BMC Medical Ethics 19 (1):75 (2018)
Abstract |
In most socialised health systems there are formal processes that manage resource scarcity and determine the allocation of funds to health services in accordance with their priority. In this analysis, part of a larger qualitative study examining the ethical issues entailed in doctors’ participation as technical experts in priority setting, we describe the values and ethical commitments of doctors who engage in priority setting and make an empirically derived contribution towards the identification of an ethical framework for doctors’ macroallocation work. We conducted semi-structured interviews with 20 doctors, each of whom participated in macroallocation at one or more levels of the Australian health system. Our sampling, data-collection, and analysis strategies were closely modelled on grounded moral analysis, an iterative empirical bioethics methodology that employs contemporaneous interchange between the ethical and empirical to support normative claims grounded in practice. The values held in common by the doctors in our sample related to the domains of personal ethics, justice, and practices of argumentation.

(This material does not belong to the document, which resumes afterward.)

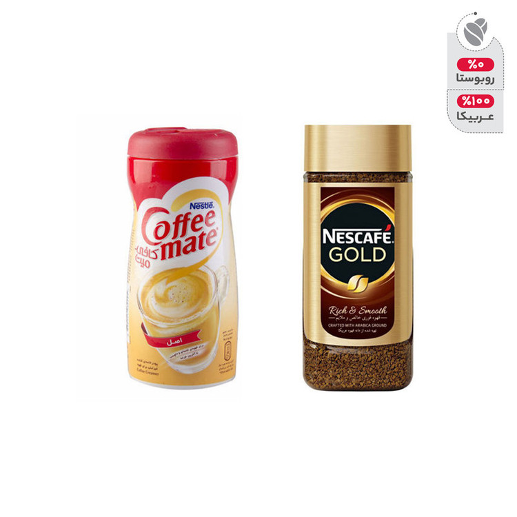 قهوه فوری نسکافه مدل GOLD مقدار 200 گرمی به همراه کافی میت نستله 400 گرمی

Applying the principles of grounded moral analysis, we identified that our participants’ ideas of the good in macroallocation and their normative insights into the practice were strongly aligned with the three levels of Paul Ricoeur’s ‘little ethics’: ‘aiming at the “good life” lived with and for others in just institutions’. Our findings suggest new ways of understanding how doctors’ values might have procedural and substantive impacts on macroallocation, and challenge the prevailing assumption that doctors in this milieu are motivated primarily by deontological considerations. Our empirical bioethics approach enabled us to identify an ethical framework for medical work in macroallocation that was grounded in the values and ethical intuitions of doctors engaged in actions of distributive justice. The concordance between Ricoeur’s ‘little ethics’ and macroallocation practitioners’ experiences, and its embrace of mutuality, suggest that it has the potential to guide practice, support ethical reflection, and harmonise deliberative practices amongst actors in macroallocation generally.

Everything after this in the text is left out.